WHAT YOU ARE ASKED TO DO -> The result should hold only the lines from the one with "Лирика• Темы: любовь, дружба, свобода, Родина." through the final line of the data below, transcribed exactly, pictures left out.

TASK DATA ->
* * * *
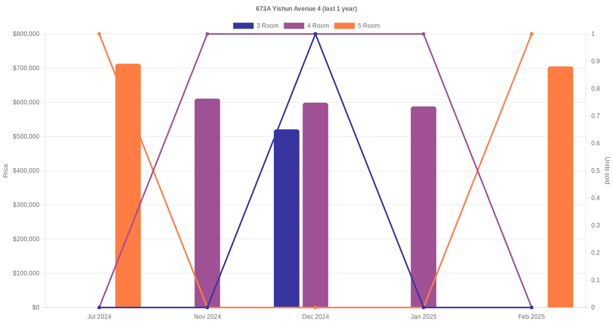 Below is a quick summary of the resale transactions volume and average price trends for the 3 room, 4 room and 5 room units at 673A Yishun Avenue 4.
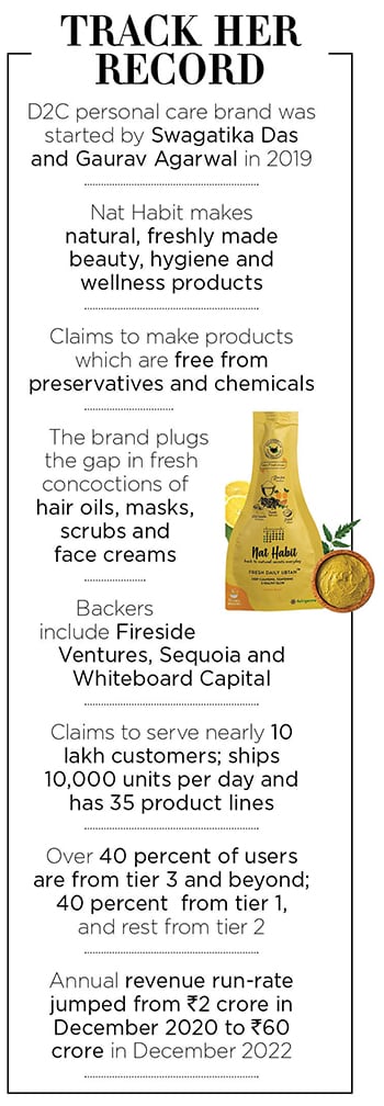Dipanjan Basu, partner at Fireside Ventures, explains why they backed Das. Founders are either strong in product, brand or channels. “Swagatika is one of the rare founders who brings in a balance of all three," he reckons. Her product innovation mindset, deep understanding of the formulation, new product launches and passion for building a brand make her unique, he adds. Nat Habit, Basu stresses, is a massive disruption in the beauty and personal care space. While there are brands offering natural products, Nat Habit’s unique proposition, in-house scalable manufacturing, supply chain and strong unit economics put it in a different trajectory.
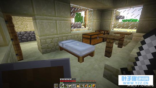 由于这个村子离大型矿洞比较近,菜鸟君就打算在这里长住下去了,造了一张床,也不管村民是否欢迎我,随便找了个屋子放进去。
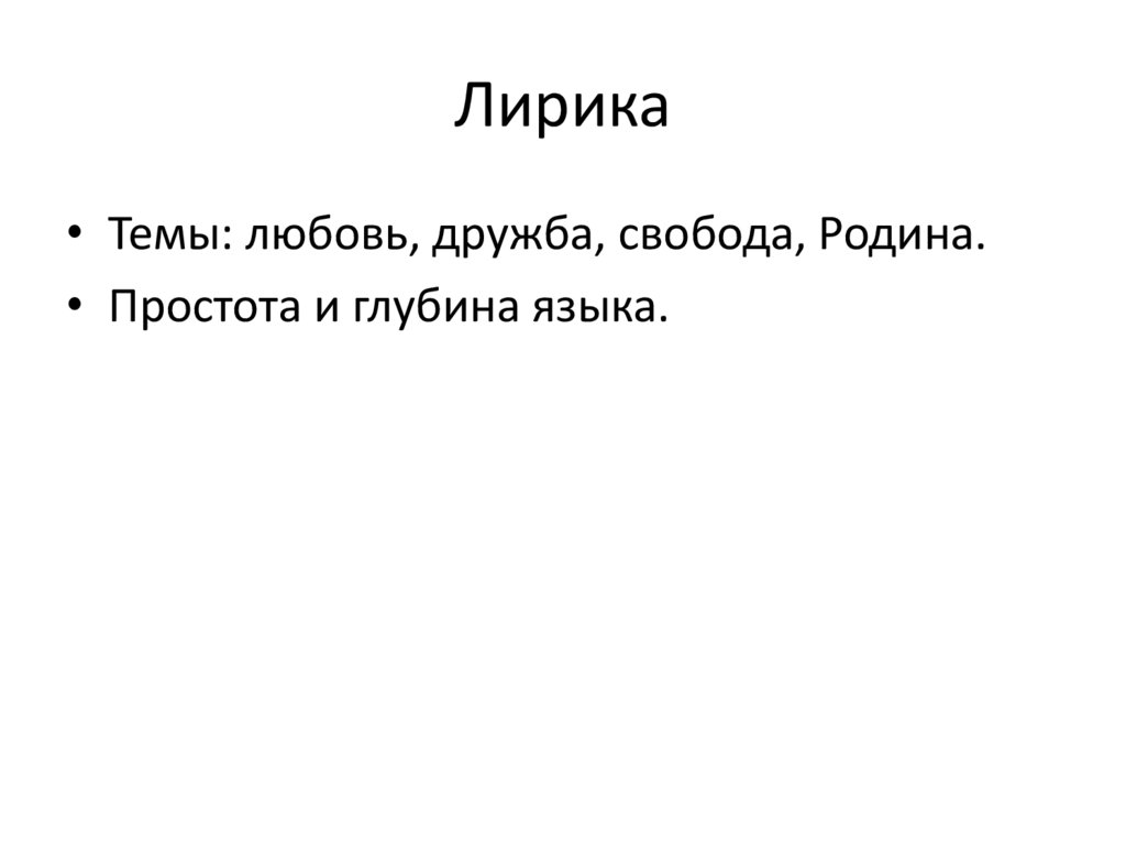 Лирика• Темы: любовь, дружба, свобода, Родина.
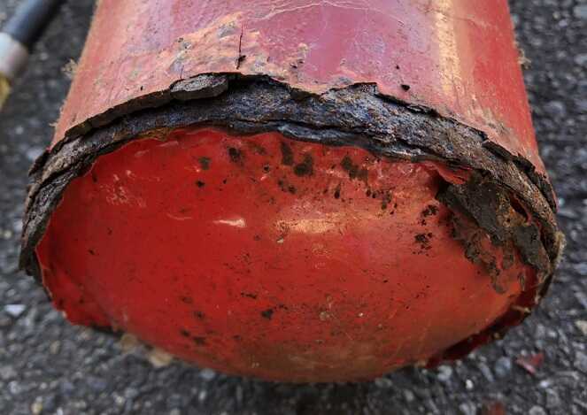 明らかに外観で腐食が確認できる消火器は即刻交換をお願いいたします。圧力ゲージが取り付けられていない『加圧式』消火器は、薬剤放出時に急激な圧力が容器内にかかり、腐食箇所が抜け落ち『ロケットのように』飛んでいきます。顎や身体に接触すると大惨事になります。実際に負傷・死亡事故が起こっていることから、直ちに適切な処置をすることが必要になります。
* * * *
WRITTEN SOLUTION ->
 Лирика• Темы: любовь, дружба, свобода, Родина.
 明らかに外観で腐食が確認できる消火器は即刻交換をお願いいたします。圧力ゲージが取り付けられていない『加圧式』消火器は、薬剤放出時に急激な圧力が容器内にかかり、腐食箇所が抜け落ち『ロケットのように』飛んでいきます。顎や身体に接触すると大惨事になります。実際に負傷・死亡事故が起こっていることから、直ちに適切な処置をすることが必要になります。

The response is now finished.